An anonymous reader quotes a report from Ars Technica: Skirting the official macOS system requirements to run new versions of the software on old, unsupported Macs has a rich history. Tools like XPostFacto and LeopardAssist could help old PowerPC Macs run newer versions of Mac OS X, a tradition kept alive in the modern era by dosdude1’s patchers for Sierra, High Sierra, Mojave, and Catalina. For Big Sur and Monterey, the OpenCore Legacy Patcher (OCLP for short) is the best way to get new macOS versions running on old Macs. It’s an offshoot of the OpenCore Hackintosh bootloader, and it’s updated fairly frequently with new features and fixes and compatibility for newer macOS versions. The OCLP developers have admitted that macOS Ventura support will be tough, but they’ve made progress in some crucial areas that should keep some older Macs kicking for a little bit longer.

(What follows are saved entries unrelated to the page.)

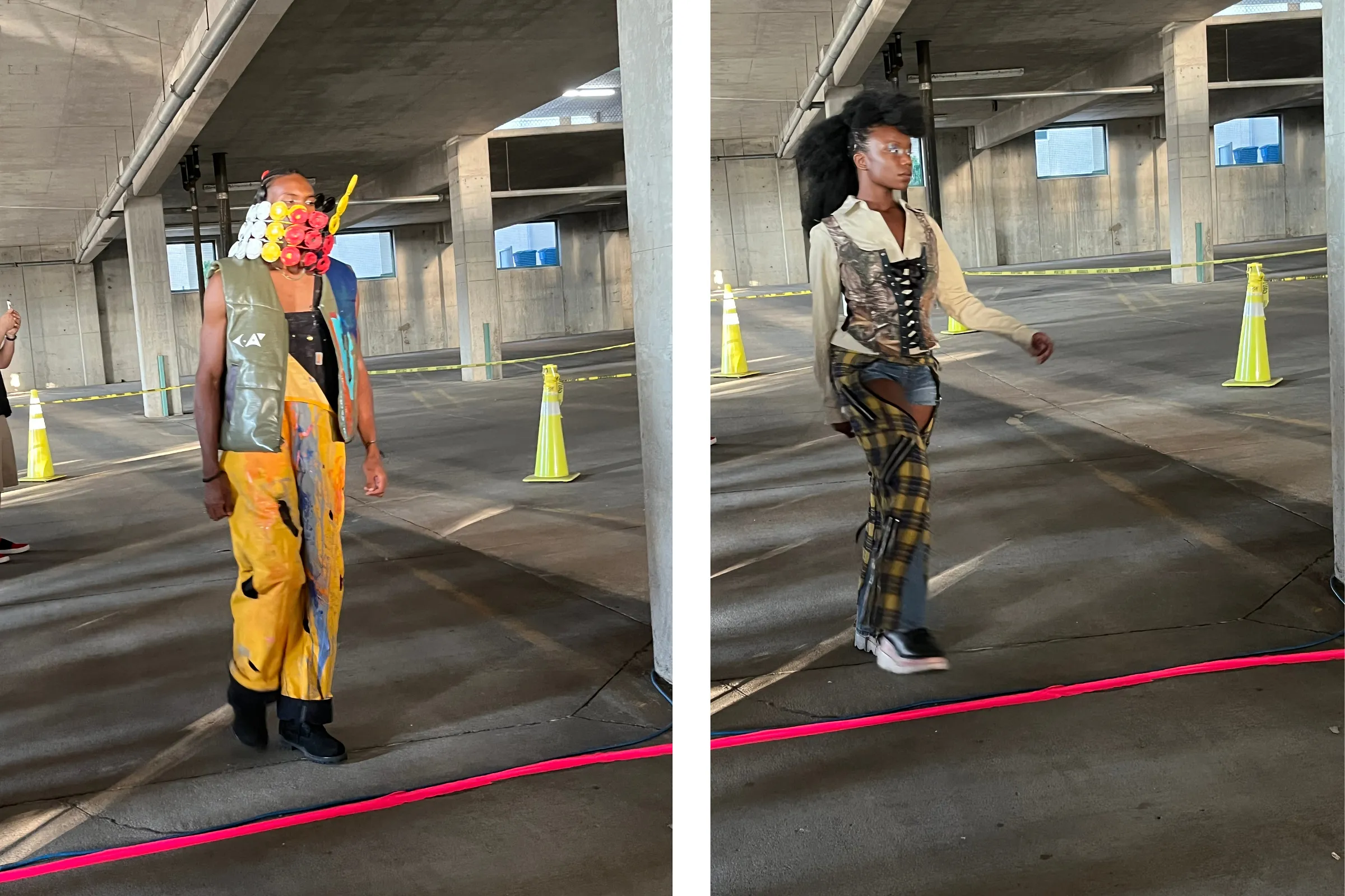 This couldn’t be further from the fashion enterprises you might have in mind when you hear “runway,” but that doesn’t mean it’s not tight as hell. These were garments whose upcycling and remixing brought “adaptive reuse” into sharp focus in this empty downtown space: A massive gorget made from painted bottle caps. A flotation vest dripping with paint, trailing a net stuffed with plastic scraps. Plaid pants trimly cut into ass-baring chaps with tiny jorts underneath and a corset on top. A sky-blue dress made from what looked like mesh fencing, rakishly wrapped in a Macy’s bag. At the bottom of a strong look in yellow, pink, and black, shoes wrapped in plastic bags, like you wear if you don’t have snow boots in the winter.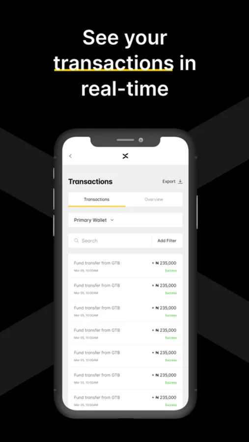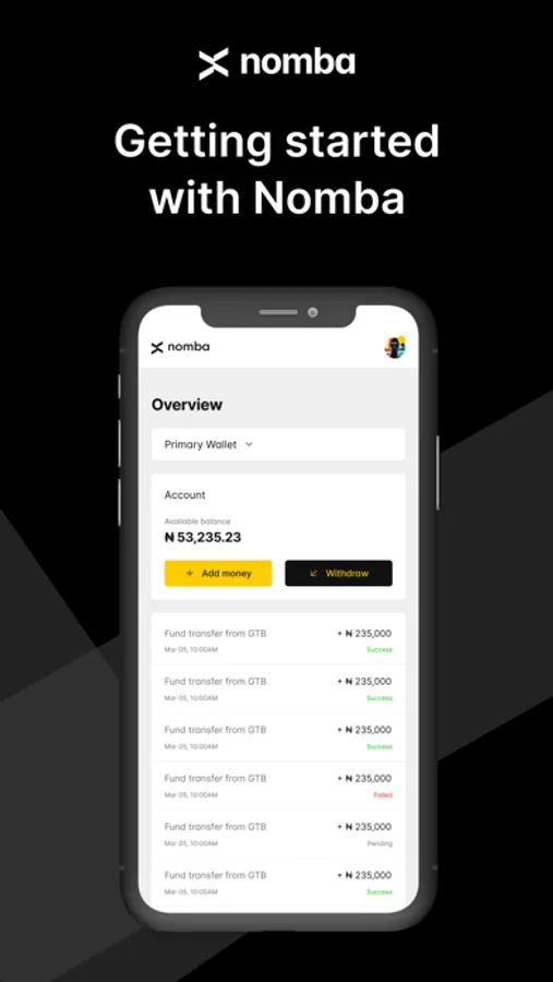 Download the app and set up your account in few minutes. You can credit your account by making a cash transfer from your bank into your Nomba Account.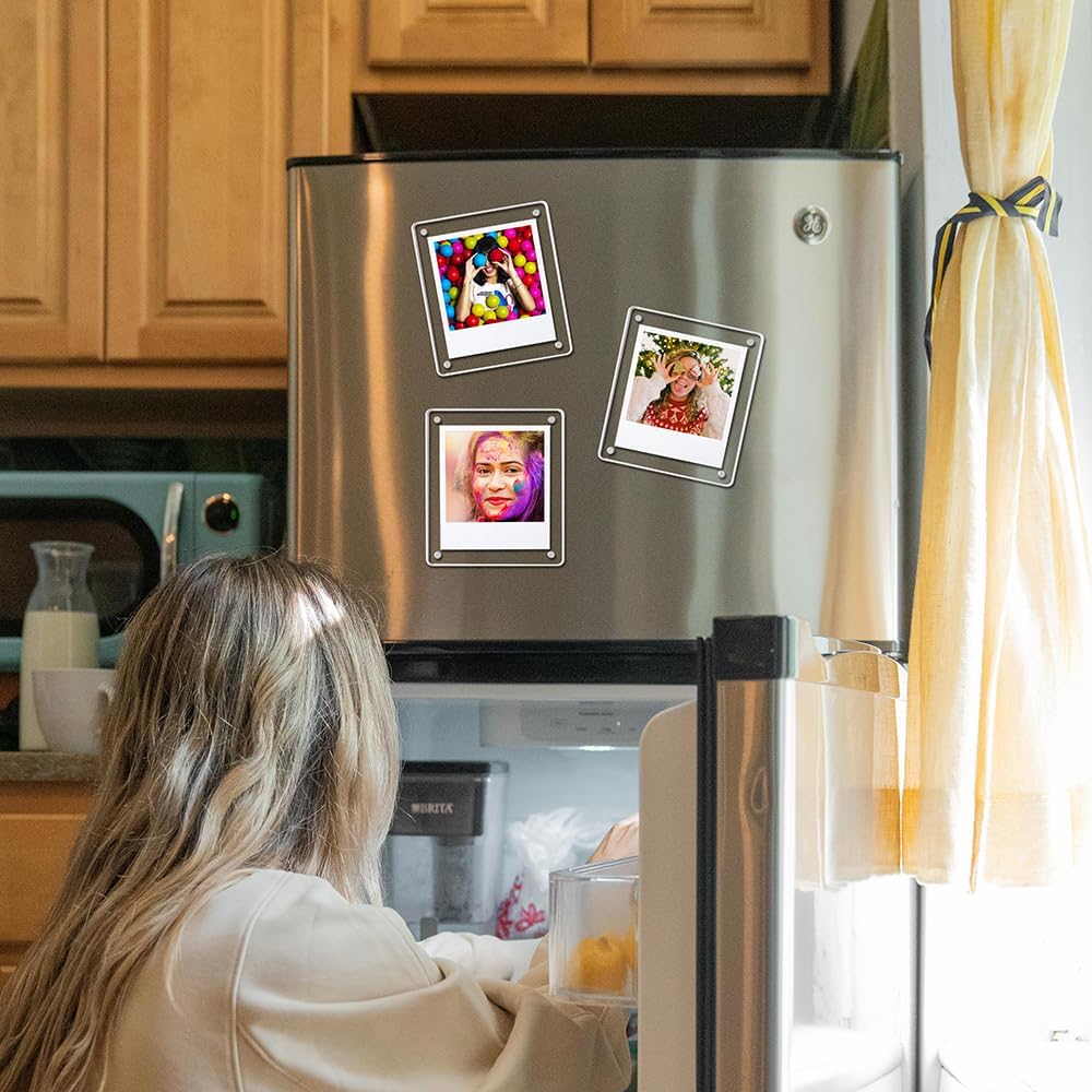 Acrylic Magnetic Refrigerator Picture Frames, 4.2"*3.46" Magnetic Fridge Clear Photo Frames Compatible with Polaroid Camera Instax Wide 300/210/200 Films for Refrigerator/Locker/Wall, 6Pack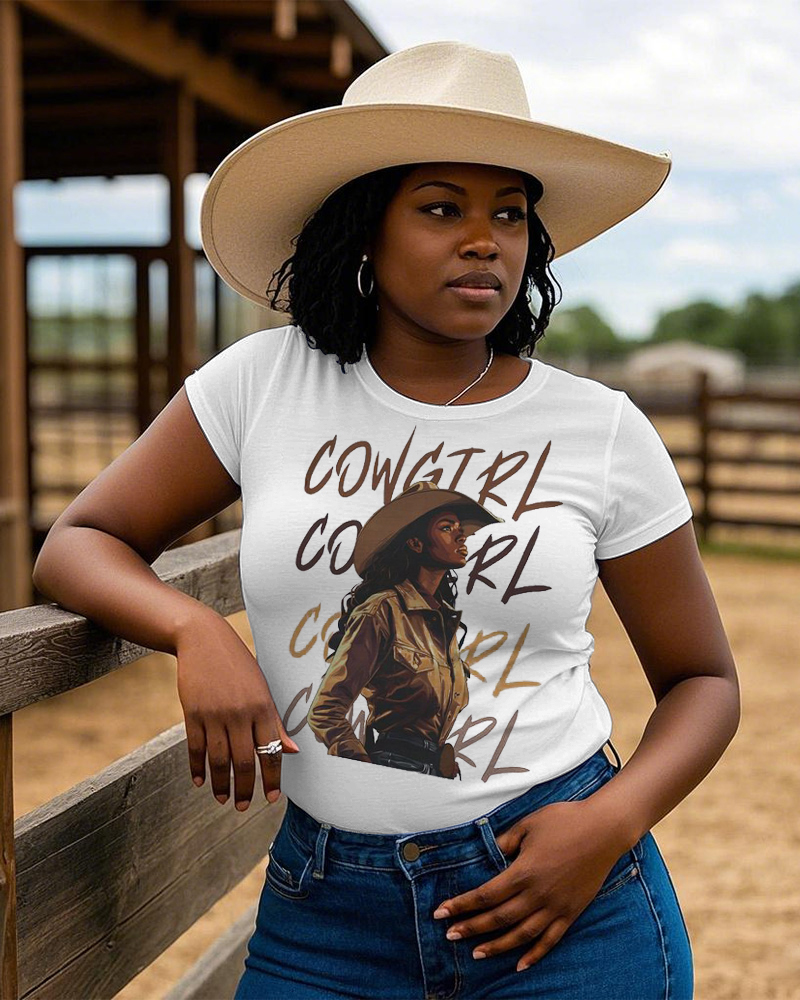 Melanin Cowgirl Crew Neck Short Sleeve Cotton T-shirt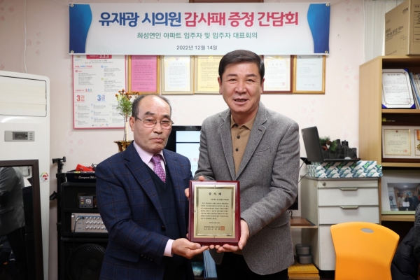 [금요저널] 수원특례시의회 유재광 의원은 14일 희성연인아파트 입주자대표회로부터 공공용지 개방 및 소방도로 확보 등에 적극 기여한 공로로 주민 감사패를 받았다.
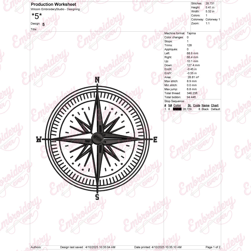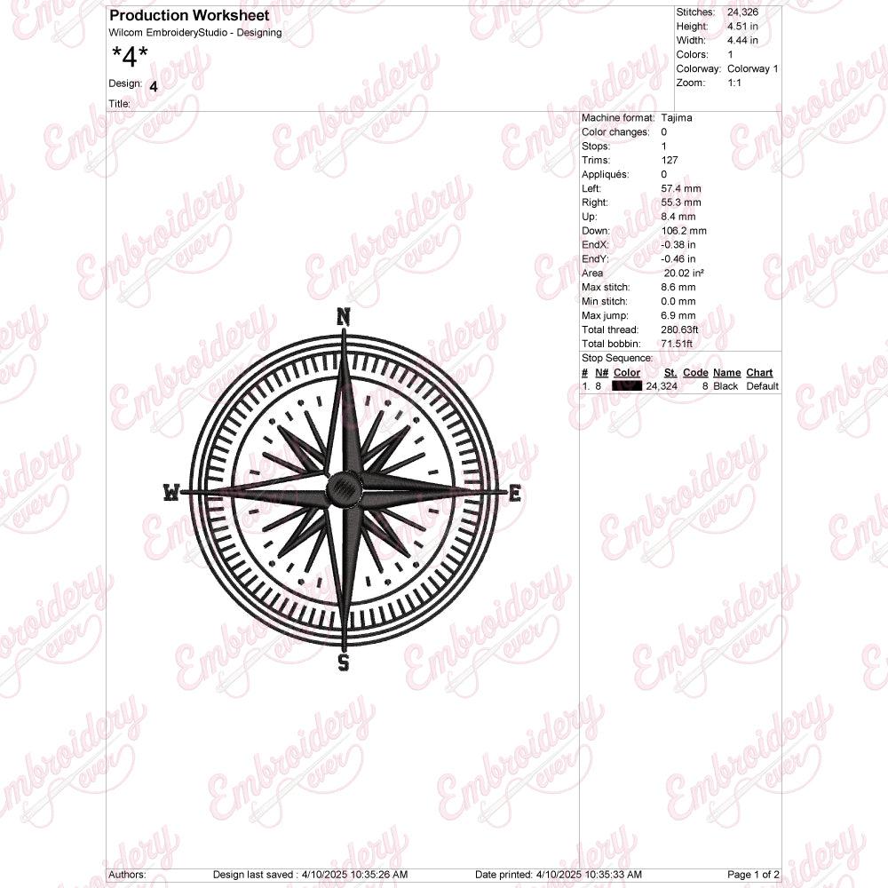 The Compass Rose Embroidery Design is a meticulously crafted pattern that captures the timeless elegance and navigational symbolism of the classic compass rose. Ideal for enhancing garments, accessories, or home textiles, this design features precise lines and balanced symmetry, reflecting expert craftsmanship. Its intricate details allow for a striking visual impact, making it perfect for those seeking to add a touch of sophistication and direction-inspired artistry to their projects. Whether used on jackets, bags, or decorative linens, the Compass Rose design offers durability and style, elevating any fabric with a refined, nautical-inspired motif that resonates with both tradition and modern aesthetics.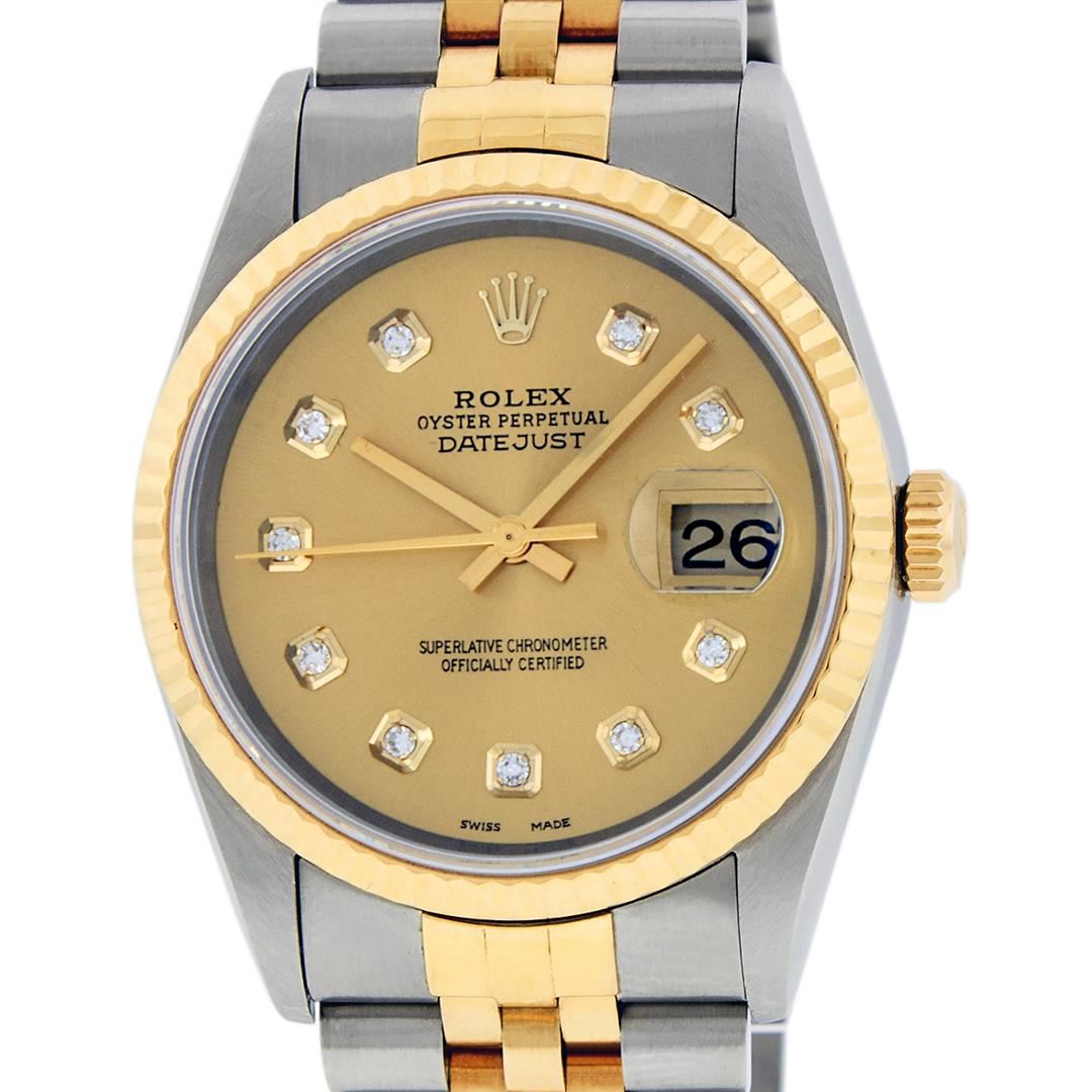 One Gents 18K Yellow Gold Two Tone Rolex Datejust Polished, Serviced & Electronically Tested Watch, 18K Yellow Gold & Stainless Steel Case Size:36mm. Bezel: 18K Yellow Gold Fluted Bezel. Custom Crystal: Synthetic Sapphire Cyclops Lens. Movement: Automatic Winding Movement Caliber 3135. Custom Dial: Champagne Diamond Dial, Diamond Count: 10 Diamonds In Dial, Color: G To H, Clarity: SI-VS, Date Window: 3 O'Clock Position Date Display, Quickset, Model: 16233 Condition: G-6 Extra Fine The Watch Is In Very Good Condition Free Of All Scratches And Dents. Bracelet:Two Tone 18K Yellow Gold & Stainless Steel Jubilee Band. Bright Polish. 7.0 Inch Length, Adjustable. Standard Clasp, With Rolex Logo.
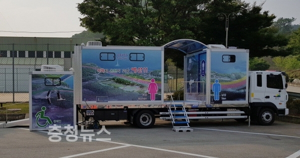 19일 군에 따르면 차량형 이동식 공중화장실은 그동안 군이 각종 행사 시 공중화장실을 임대해 사용했지만 상수도 및 전기 시설이 없는 경우 여성 및 장애인 등이 큰 불편을 겪어 왔기 때문에 이러한 불편을 줄이고 이용자들에게 편의를 제공하고자 마련됐다.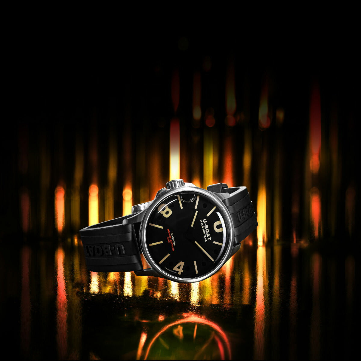 戦闘用プロフェッショナルウォッチをルーツに持つU-BOAT。この「ダークムーン」は、風防内にオイルを注入することでダイヤルが文字盤と一体化したかのような視覚効果をもたらすと共に、抜群の視認性を実現しています。「ダークムーン」の名の通り、暗い月の色彩にインスパイアされたダイヤルデザイン。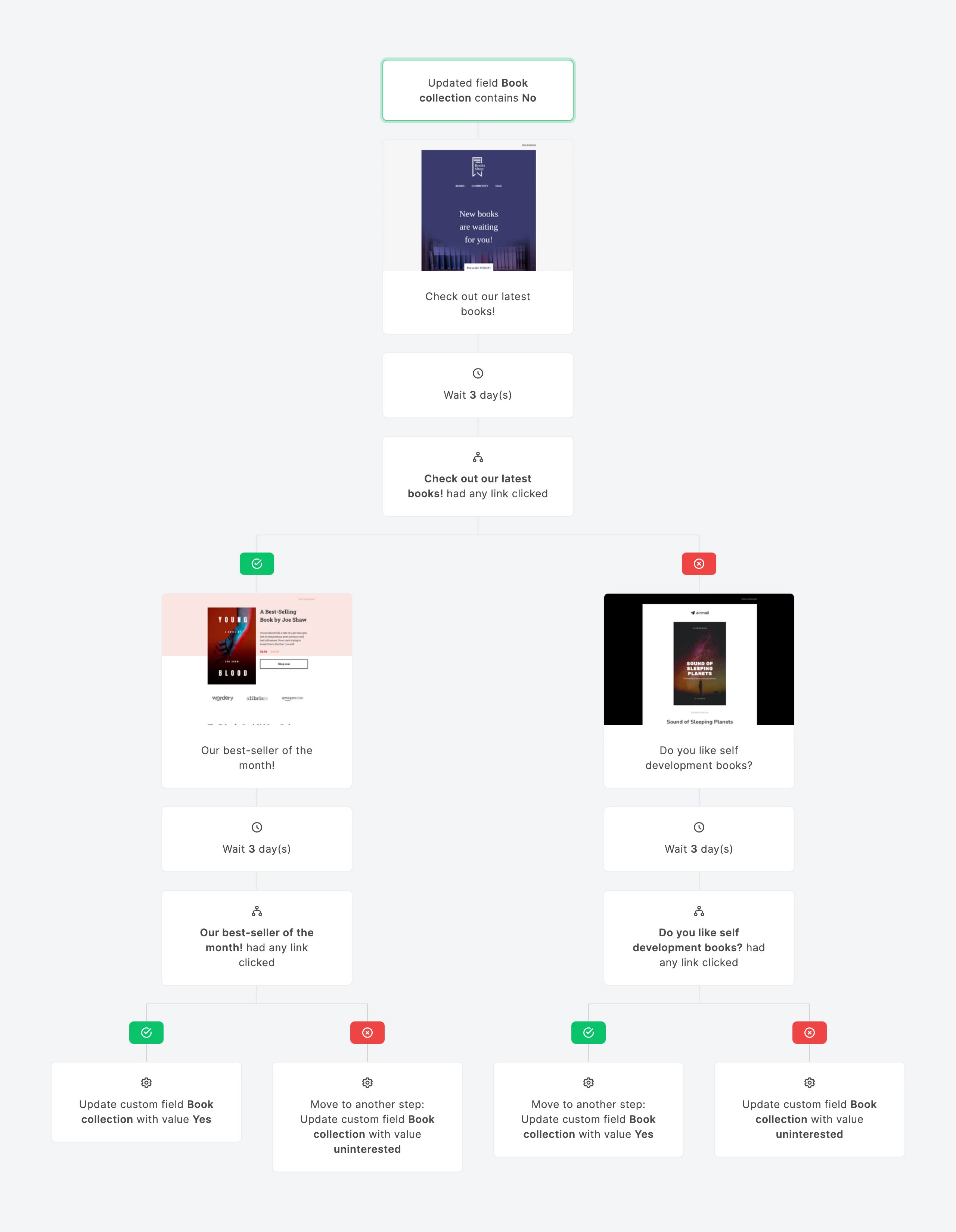 On the other branch, you’ll see a Condition step set to Workflow activity, email #3, Had any link clicked. On the No path, click the Action step and it up to update the custom field (e.g. Book collection) with value: Uninterested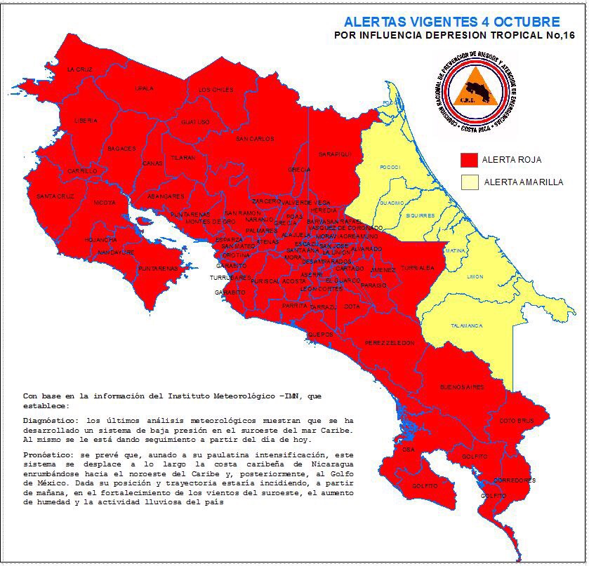 Según el informe N. 3 del Instituto Meteorológico Nacional (IMN) del 04 de octubre a las 9:30 horas en el cual indica que la Depresión Tropical N.16 se ha formado sobre el suroeste del Mar Caribe, localizándose a 280 km de Limón, con una velocidad de desplazamiento de 11 km/h y vientos sostenidos de 55 km/h. Ante esta situación, ya se presentan fuertes aguaceros en los Playas del Coco dejando un acumulado entre 30-60 mm en las últimas horas.

[…] First, while macOS doesn’t technically include system files for pre-AVX2 Intel CPUs, Apple’s Rosetta 2 software does still include those files, since Rosetta 2 emulates the capabilities of a pre-AVX2 x86 CPU. By extracting and installing those files in Ventura, you can re-enable support on Ivy Bridge and older CPUs without AVX2 instructions. And this week, Grymalyuk showed off another breakthrough: working graphics support on old Metal-capable Macs, including machines as old as the 2014 5K iMac, the 2012 Mac mini, and even the 2008 cheese grater-style Mac Pro tower. The OCLP team still has other challenges to surmount, not least of which will involve automating all of these hacks so that users without a deep technical understanding of macOS’s underpinnings can continue to set up and use the bootloader. Grymalyuk still won’t speculate about a timeframe for official Ventura support in OCLP. But given the progress that has been made so far, it seems likely that people with 2012-and-newer Macs should still be able to run Ventura on their Macs without giving up graphics acceleration or other important features.